Joined: Mon Oct 20, 2008 1:07 pm
Posts: 2
I'm surprised not to see the following extremely simple method suggested anywhere: "loop through" the number to be converted, using the 6502's decimal mode to increment the accumulator decimally (from 0) while decrementing the original value hexadecimally (X register). It might not be particularly efficient for large numbers, but the code is short and simple to understand.

Code:
HEX_TO_DEC:
   PHX     ; Push X register on stack (back-up)
   SED     ; Switch to decimal mode
   TAX     ; Transfer accumulator to X register
   LDA #00 ; Reset accumulator

?LOOP:
   DEX        ; Decrement X by 1
   CPX #00    ; If X < 0,
   BMI ?BREAK ; then break;
   CLC        ; else clear carry
   ADC #01    ; to increment accumulator by 1
   BRA ?LOOP  ; Branch always

?BREAK:
   PLX ; Pull X register from stack (restore)
   RTS ; Return from subroutine

The subroutine above performs a hex-to-decimal conversion on the number in the accumulator. It sets the D flag, but leaves the X register unchanged.

_________________
Languages shape the way we think, or don't.


Top
 Profile  
Reply with quote  
 Post subject:
PostPosted: Mon Oct 20, 2008 6:58 pm 
Offline
User avatar

Joined: Fri Aug 30, 2002 1:09 am
Posts: 8426
Location: Southern California
Good for single-byte decimal numbers. You can shorten it further by getting rid of the CPX #00 that follows the DEX, since DEX does that automatically already anyway. You could make it slightly faster by doing the CLC before ?LOOP since nothing in the loop will set the flag until you pass 99 and end up with an error anyway. It might be more important to save the status register for the D flag than to save X, but that decision can be made on a project-by-project basis.

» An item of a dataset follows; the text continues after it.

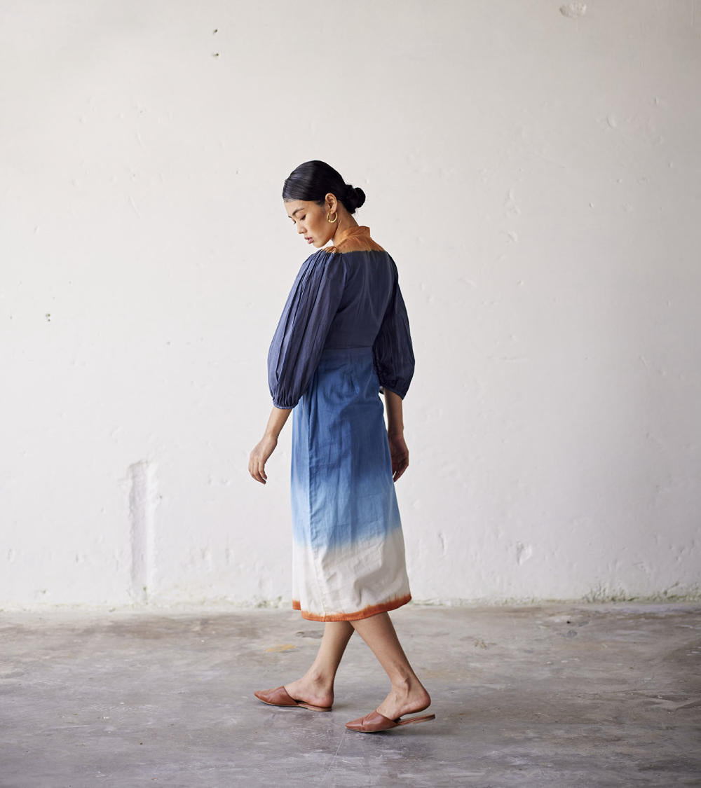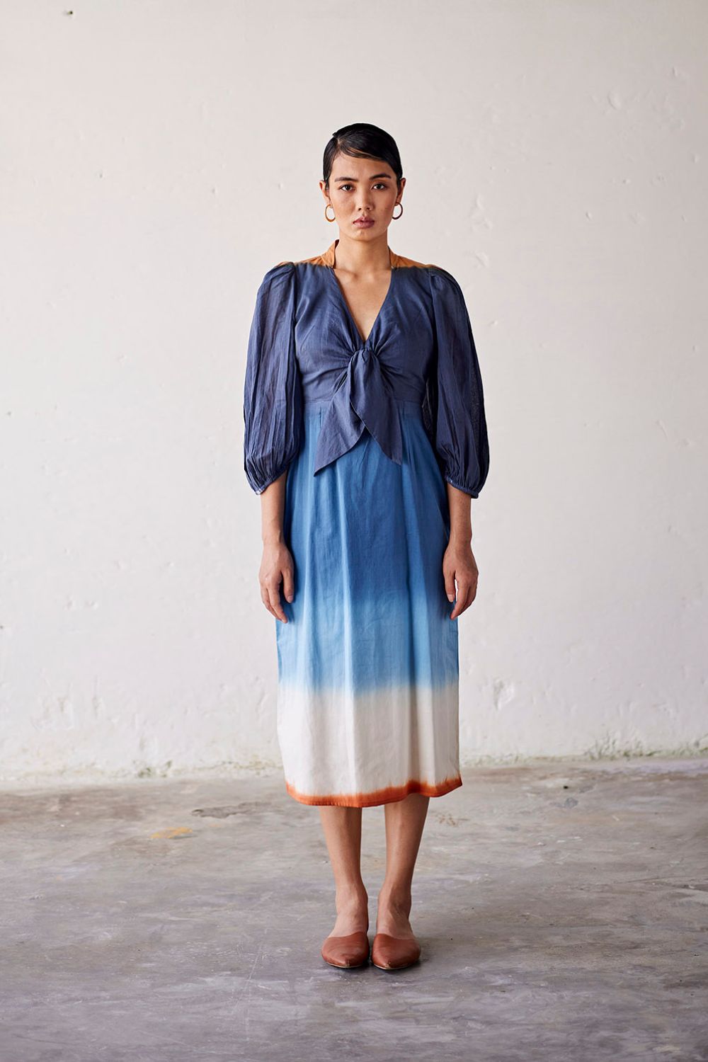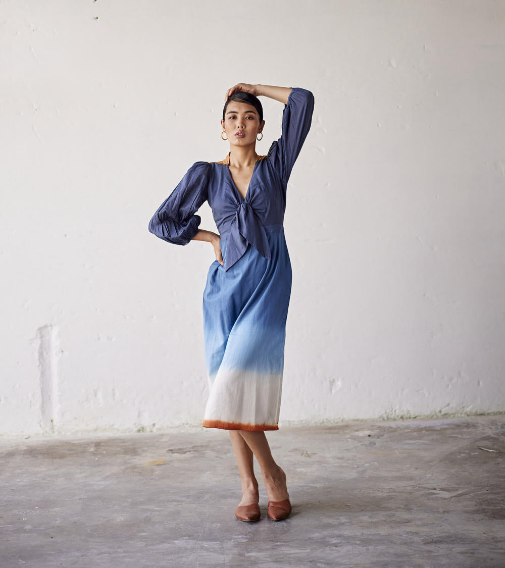 A blue dip dyed ombre mul dress with a tie-up detailing at the front, side zip, and an elasticated sleeve hem.

You could reconfigure it to speed up the loop this way:

Code:
        TAX
        DEX
        BMI     ?BREAK
        LDA     #0
        CLC
        PHP
          SED

?LOOP     ADC   #1
          DEX
          BPL   ?LOOP

        PLP
?BREAK  RTS

Did I forget anything? The shortness reminds me of a square-root algorithm I have here which is extremely simple and short and uses no multiplication or division but it's so slow that unless the input number is small, you could go have lunch while it's working on it. That's not a problem though in some controller situations for processes that cannot be hurried, like a sprinkler system, clothes dryer, etc. (although I can't think of any reason you'd need a square-root function in those particular ones).

_________________
http://WilsonMinesCo.com/ lots of 6502 resources
The "second front page" is http://wilsonminesco.com/links.html .
What's an additional VIA among friends, anyhow?


Top
 Profile  
Reply with quote  
 Post subject:
PostPosted: Mon Oct 20, 2008 8:59 pm 
Offline

Joined: Mon Oct 20, 2008 1:07 pm
Posts: 2
"Elegance is necessarily unnatural, only achieveable at great expense. If you just do something, it won't be elegant, but if you do it and then see what might be more elegant, and do it again, you might, after an unknown number of iterations, get something that is very elegant."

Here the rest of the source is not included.